## MATERIAL PROVIDED
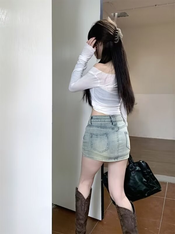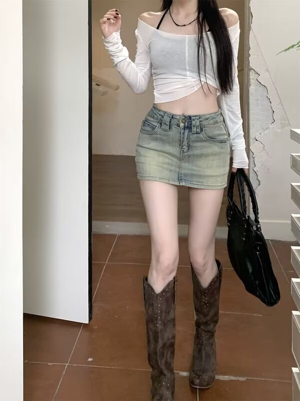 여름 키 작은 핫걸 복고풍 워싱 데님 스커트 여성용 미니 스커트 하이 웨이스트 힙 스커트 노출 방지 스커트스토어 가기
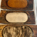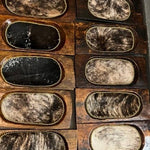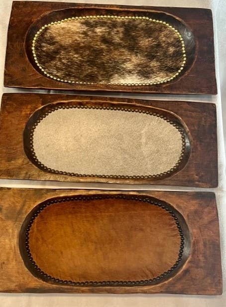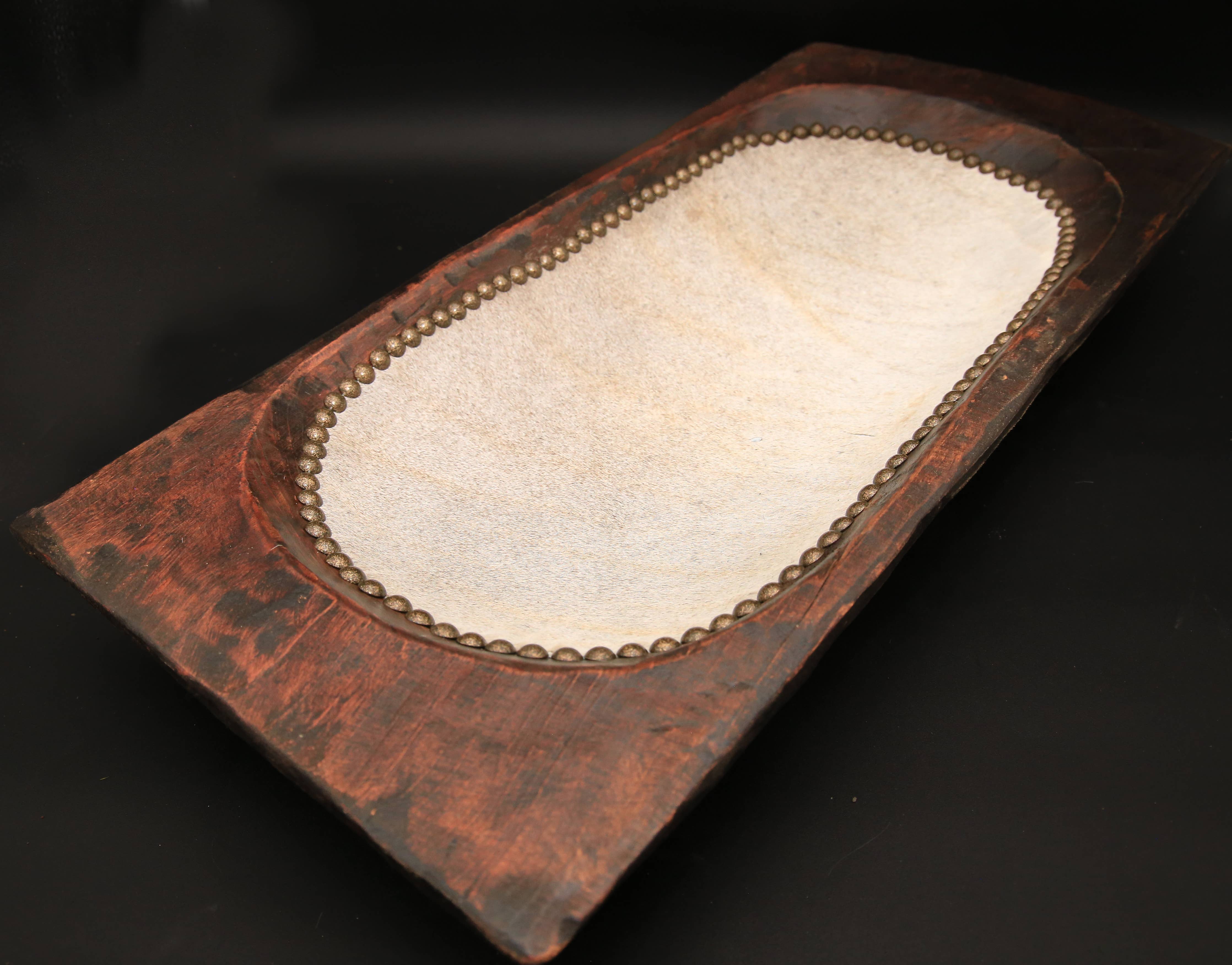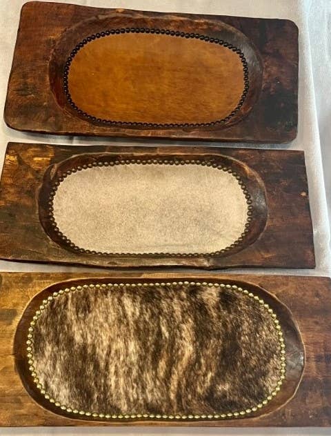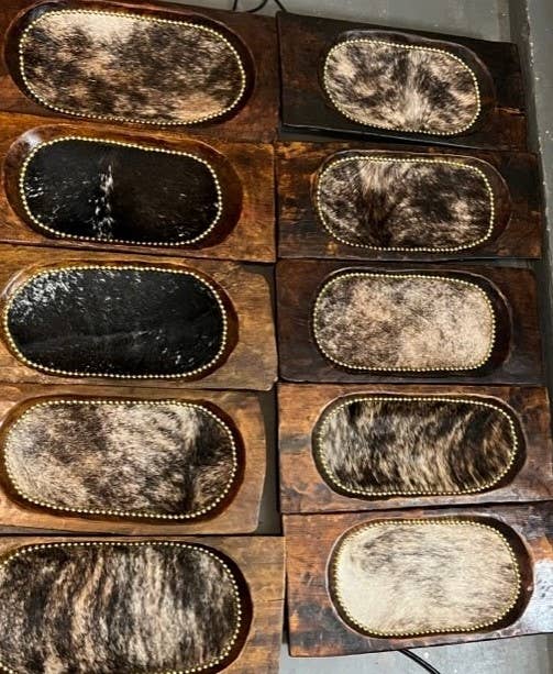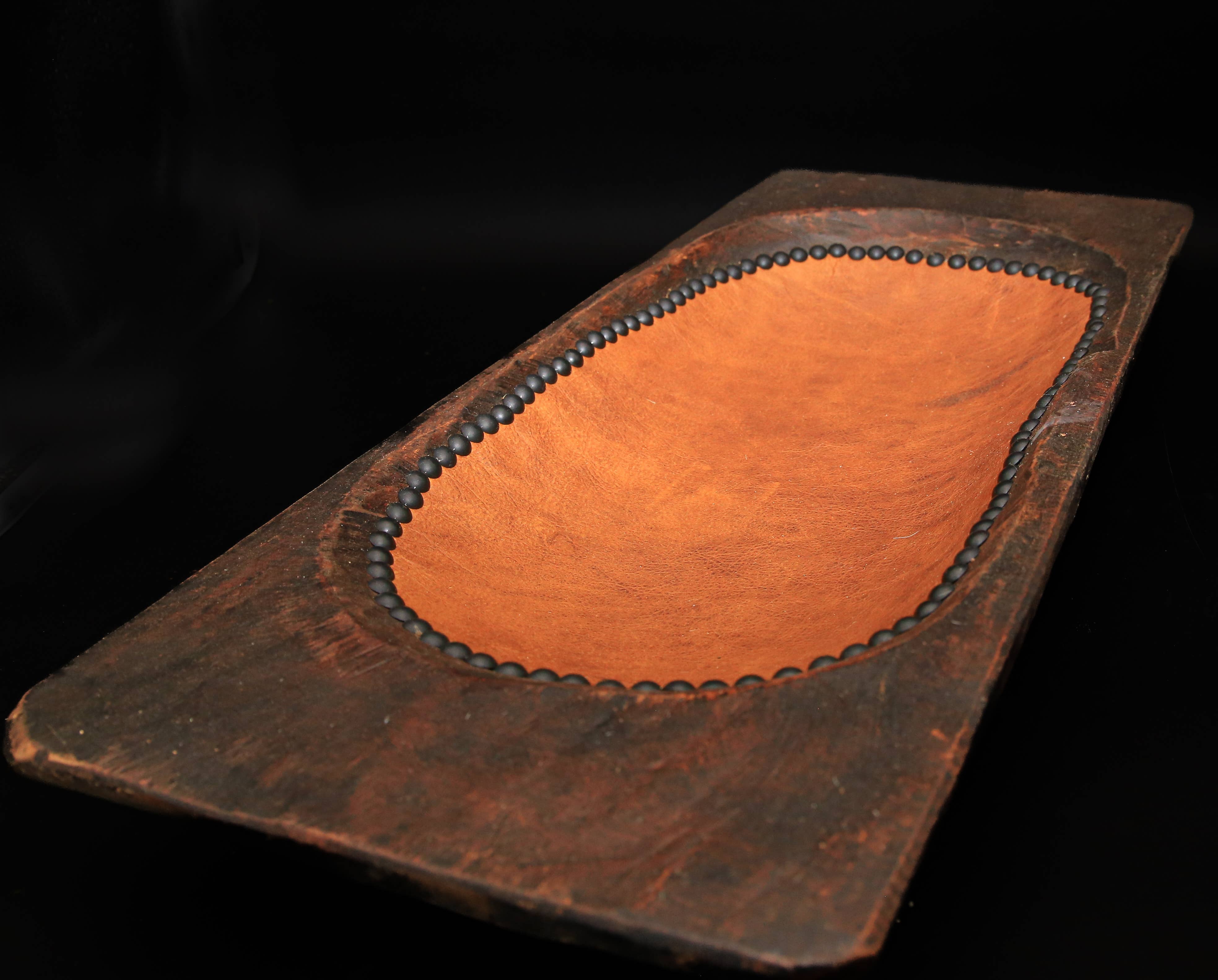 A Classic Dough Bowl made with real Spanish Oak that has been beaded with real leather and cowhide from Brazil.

* * *

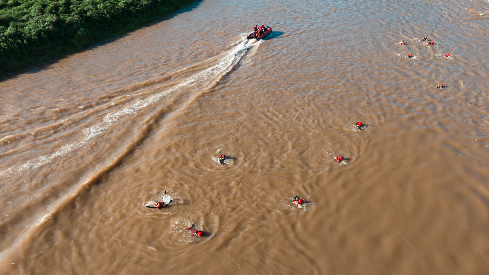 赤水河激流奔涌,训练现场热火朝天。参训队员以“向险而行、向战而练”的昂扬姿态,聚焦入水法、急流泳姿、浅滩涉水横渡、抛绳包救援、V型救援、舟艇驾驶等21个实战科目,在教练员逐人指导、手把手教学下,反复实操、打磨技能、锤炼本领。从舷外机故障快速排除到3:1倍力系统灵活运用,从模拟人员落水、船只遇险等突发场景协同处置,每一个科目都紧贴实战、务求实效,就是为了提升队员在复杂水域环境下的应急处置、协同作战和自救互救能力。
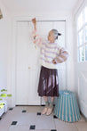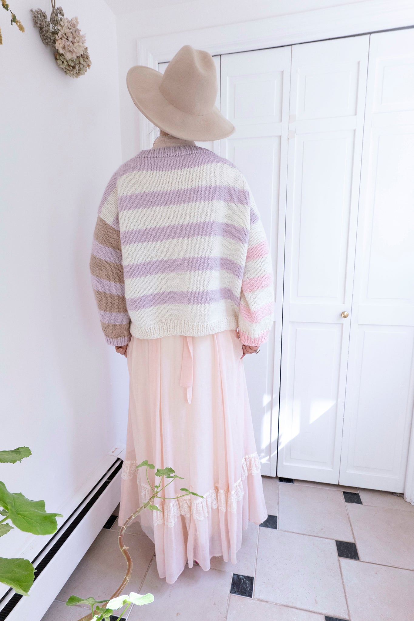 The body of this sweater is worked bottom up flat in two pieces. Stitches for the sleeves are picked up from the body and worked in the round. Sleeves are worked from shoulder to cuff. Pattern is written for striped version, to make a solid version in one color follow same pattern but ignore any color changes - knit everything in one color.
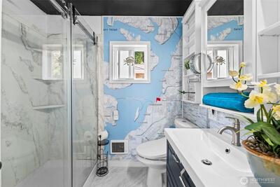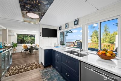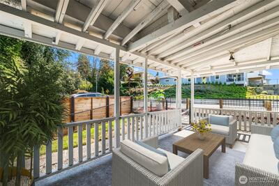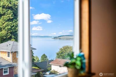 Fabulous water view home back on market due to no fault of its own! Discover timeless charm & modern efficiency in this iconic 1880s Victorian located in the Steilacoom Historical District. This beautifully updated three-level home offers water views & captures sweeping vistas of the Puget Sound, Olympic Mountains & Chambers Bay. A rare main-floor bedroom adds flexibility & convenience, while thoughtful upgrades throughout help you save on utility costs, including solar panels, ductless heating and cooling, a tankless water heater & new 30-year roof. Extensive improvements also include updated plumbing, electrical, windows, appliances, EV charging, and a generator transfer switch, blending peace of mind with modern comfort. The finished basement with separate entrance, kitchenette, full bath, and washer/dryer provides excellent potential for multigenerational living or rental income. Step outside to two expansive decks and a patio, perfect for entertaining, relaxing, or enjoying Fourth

* * *

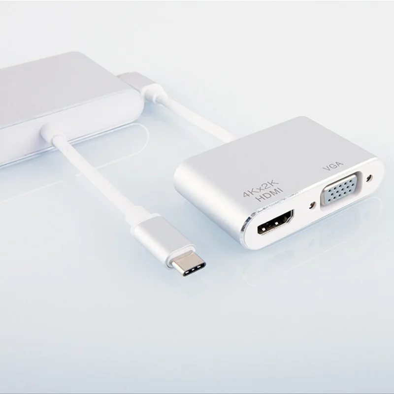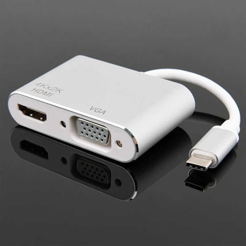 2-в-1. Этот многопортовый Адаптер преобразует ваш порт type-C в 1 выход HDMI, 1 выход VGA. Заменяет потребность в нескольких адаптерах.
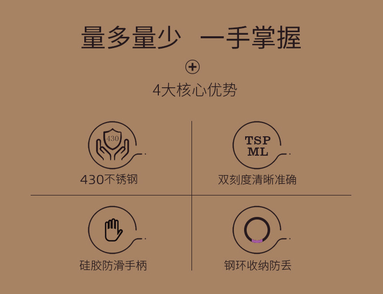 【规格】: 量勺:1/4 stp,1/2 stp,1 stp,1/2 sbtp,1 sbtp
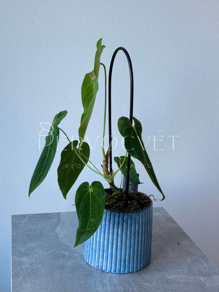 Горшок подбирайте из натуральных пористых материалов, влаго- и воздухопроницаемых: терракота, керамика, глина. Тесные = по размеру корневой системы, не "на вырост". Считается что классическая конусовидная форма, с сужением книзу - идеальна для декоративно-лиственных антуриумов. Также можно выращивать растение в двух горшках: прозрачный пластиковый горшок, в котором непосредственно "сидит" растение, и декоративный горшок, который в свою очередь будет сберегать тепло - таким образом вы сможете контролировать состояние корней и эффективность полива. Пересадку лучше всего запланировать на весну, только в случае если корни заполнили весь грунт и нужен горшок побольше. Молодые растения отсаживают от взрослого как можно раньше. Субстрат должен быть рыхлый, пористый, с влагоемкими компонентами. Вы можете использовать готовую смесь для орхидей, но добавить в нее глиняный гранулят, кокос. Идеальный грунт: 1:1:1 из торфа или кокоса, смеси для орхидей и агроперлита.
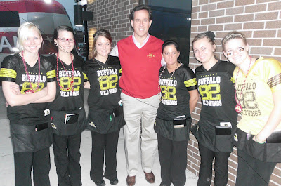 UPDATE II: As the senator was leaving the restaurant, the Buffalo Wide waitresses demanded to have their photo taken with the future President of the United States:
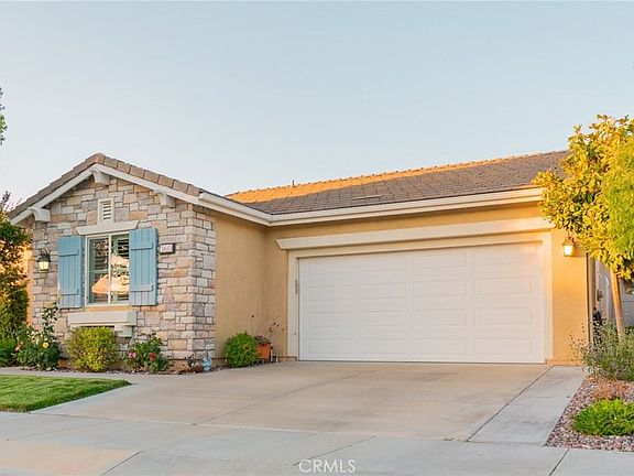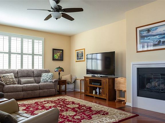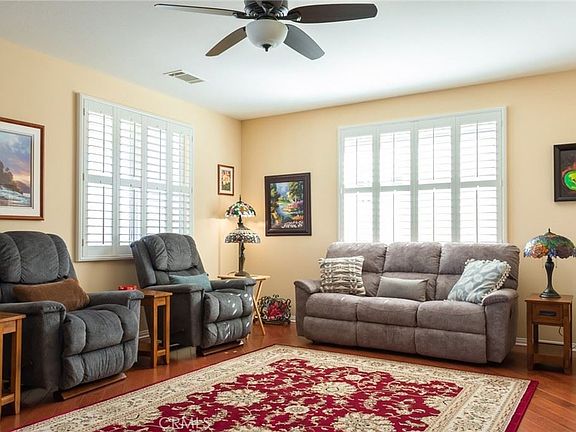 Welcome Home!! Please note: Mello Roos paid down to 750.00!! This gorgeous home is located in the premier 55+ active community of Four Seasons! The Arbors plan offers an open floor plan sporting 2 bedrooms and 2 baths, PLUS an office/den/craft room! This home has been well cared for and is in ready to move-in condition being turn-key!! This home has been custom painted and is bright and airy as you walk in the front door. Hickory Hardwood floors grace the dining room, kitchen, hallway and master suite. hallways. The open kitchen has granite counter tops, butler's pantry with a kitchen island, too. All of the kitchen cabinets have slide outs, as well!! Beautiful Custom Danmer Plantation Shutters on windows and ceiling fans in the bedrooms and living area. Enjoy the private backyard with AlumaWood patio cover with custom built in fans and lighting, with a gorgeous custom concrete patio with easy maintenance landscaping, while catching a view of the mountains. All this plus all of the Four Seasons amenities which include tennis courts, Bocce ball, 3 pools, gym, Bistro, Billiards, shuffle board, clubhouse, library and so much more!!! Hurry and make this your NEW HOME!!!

## EXERCISE PROMPT
Nothing but the lines above from the one that has "2-в-1. Этот многопортовый" down to the one that has "stp,1/2 sbtp,1 sbtp" belongs in the answer, copied exactly, without pictures.

## WRITTEN ANSWER
 2-в-1. Этот многопортовый Адаптер преобразует ваш порт type-C в 1 выход HDMI, 1 выход VGA. Заменяет потребность в нескольких адаптерах.
 【规格】: 量勺:1/4 stp,1/2 stp,1 stp,1/2 sbtp,1 sbtp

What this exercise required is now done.